The voltage phase calculation unit 243 converts the dq-axis voltage commands V _d * and V _q * to a voltage _phase θ _Vdq using equation (2).
[Equation 2] $${\theta }_{Vdq}={\text{tan}}^{-1}\left(\frac{V_q}{V_d}\right)$$

Next are the current phase calculation unit 244 , the phase angle estimation unit 245 and the offset derivation unit 246 in the offset detector 240 described.
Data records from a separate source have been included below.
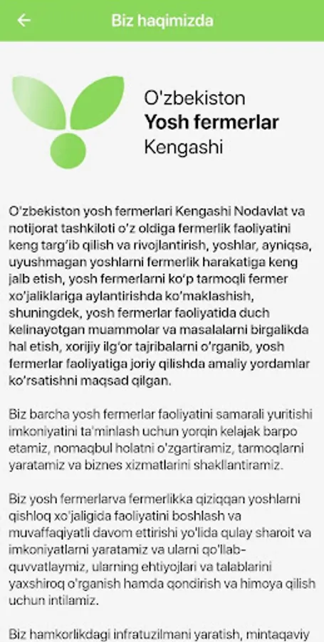 Biz yosh fermerlar bilan birga mamlakatimizda oziq-ovqat barqarorligini ta'minlash yo'lida ocharchilikka, ishsizlikka, iqlim o'zgarishi, ekologik muammolarga qarshi kurashish hamda qishloq joylarida gender tengligini ta'minlash yo'lida faoliyat olib boramiz!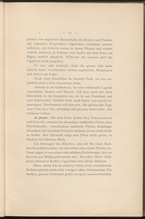 26. Jänner. Mit dem Polen Arthur Bey Zimmermann und Zaluski, ersterer ein ehemaliger türkischer Oberst, jetzt Pferdehändler, verschiedene arabische Pferde besichtigt. Dieselben, bei einzelnen Privaten stehend, waren nicht leicht zu finden. Der Orientale zeigt sein Pferd nicht gerne, er fürchtet den falschen Blick.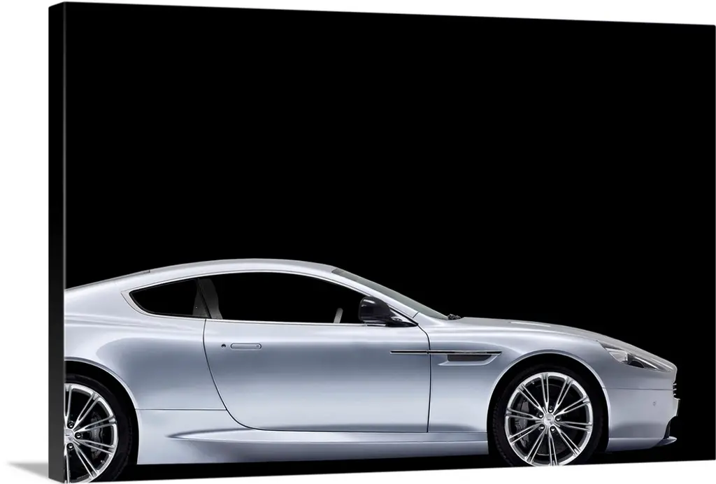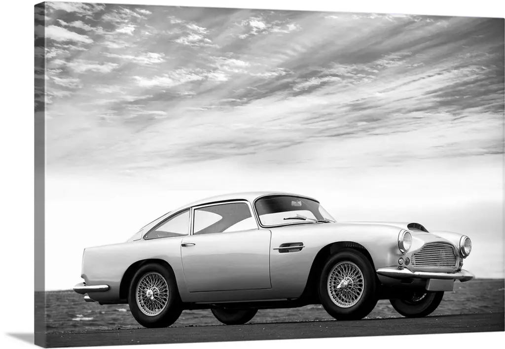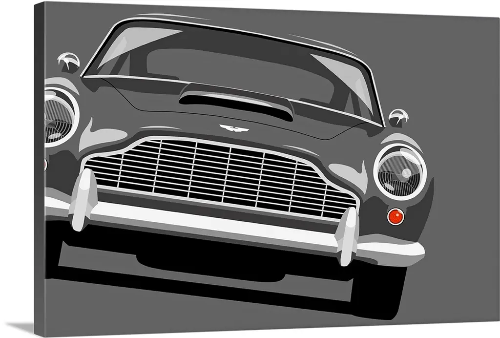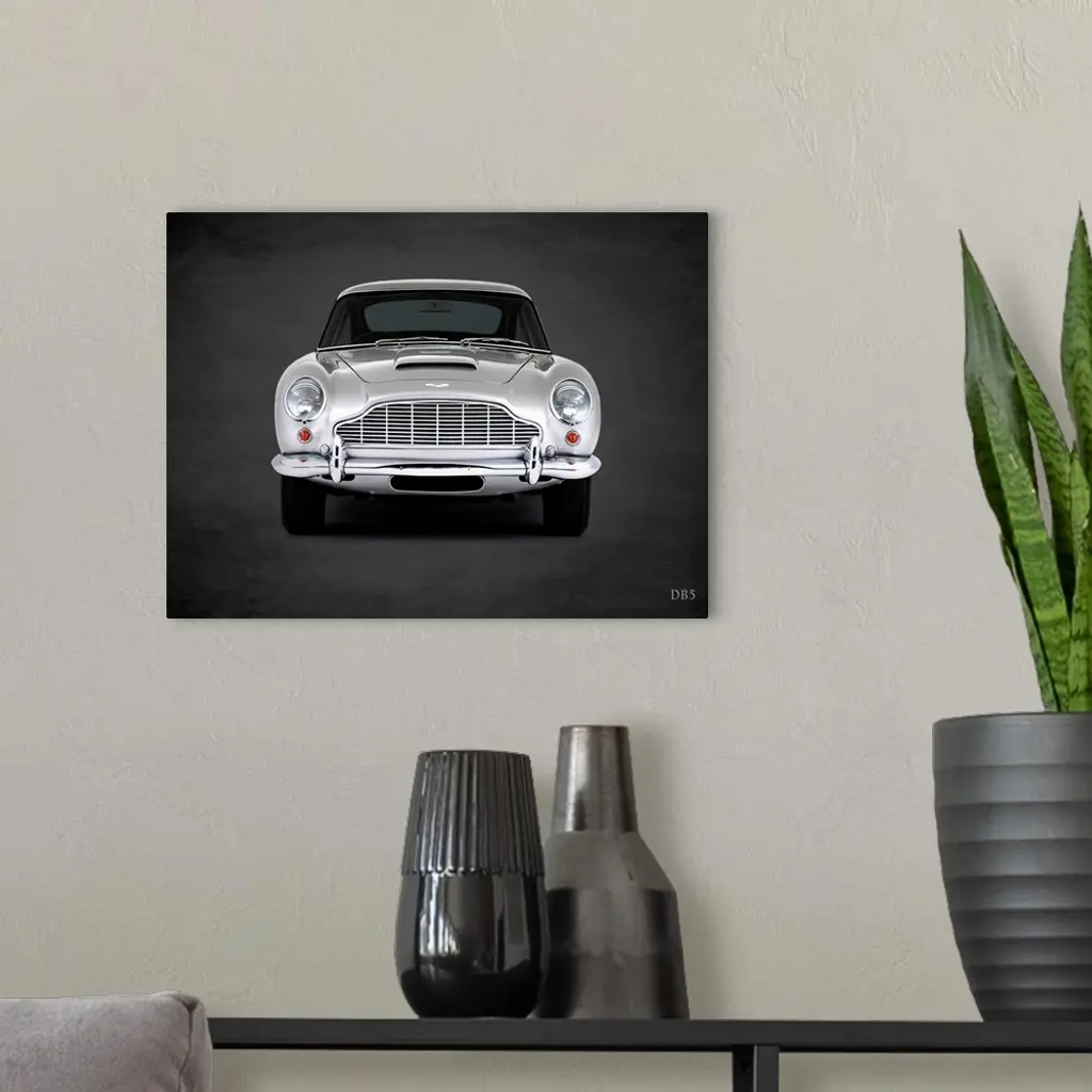 Photograph of a silver 1965 Aston Martin DB5 printed on a black background with a dark vignette.

[Gleichung 4] $${\theta }_{Idq}={\text{tan}}^{-1}\left(\frac{I_q}{I_d}\right)$$

The current phase calculation unit 244 derives a current _phase θ _Idq from a current that contains no offset. One from detected currents ( I _dc and I _qc ) which may contain offset, calculated current _phase θ _Idq 'is expressed by Equation (3), while an actual current _phase θ _{Idq is expressed} by Equation (4). If the amount of a current offset 0 is to be detected, the dq-axis currents to be detected (I _dc and I _qc ) agree with the dq axis currents ( I _d and I _q ) that actually flow through the three-phase motor. Here, I _dc denotes a detected d-axis current, I _qc denotes a detected q-axis current, I _d denotes a d-axis current actually flowing through the three-phase motor, and Iq denotes a q-axis current actually flowing through the three-phase motor.
[Equation 3] $${\theta }_{Idq}\text{'}={\text{tan}}^{-1}\left(\frac{I_{qc}}{I_{dc}}\right)$$

[Equation 4] $${\theta }_{Idq}={\text{tan}}^{-1}\left(\frac{I_q}{I_d}\right)$$

However, if an offset is included, the current _phase θ _Idq 'calculated from a detected current _differs from the actual current _phase θ _Idq . Therefore, in the present embodiment, using the dq-axis voltage commands V _d * and V _q * and three motor constants, ie, a d-axis inductance, a q-axis inductance and a winding resistance R, and a Induction voltage constant estimated a current phase angle that does not contain the offset, and the amount of current offset is calculated from the current phase angle.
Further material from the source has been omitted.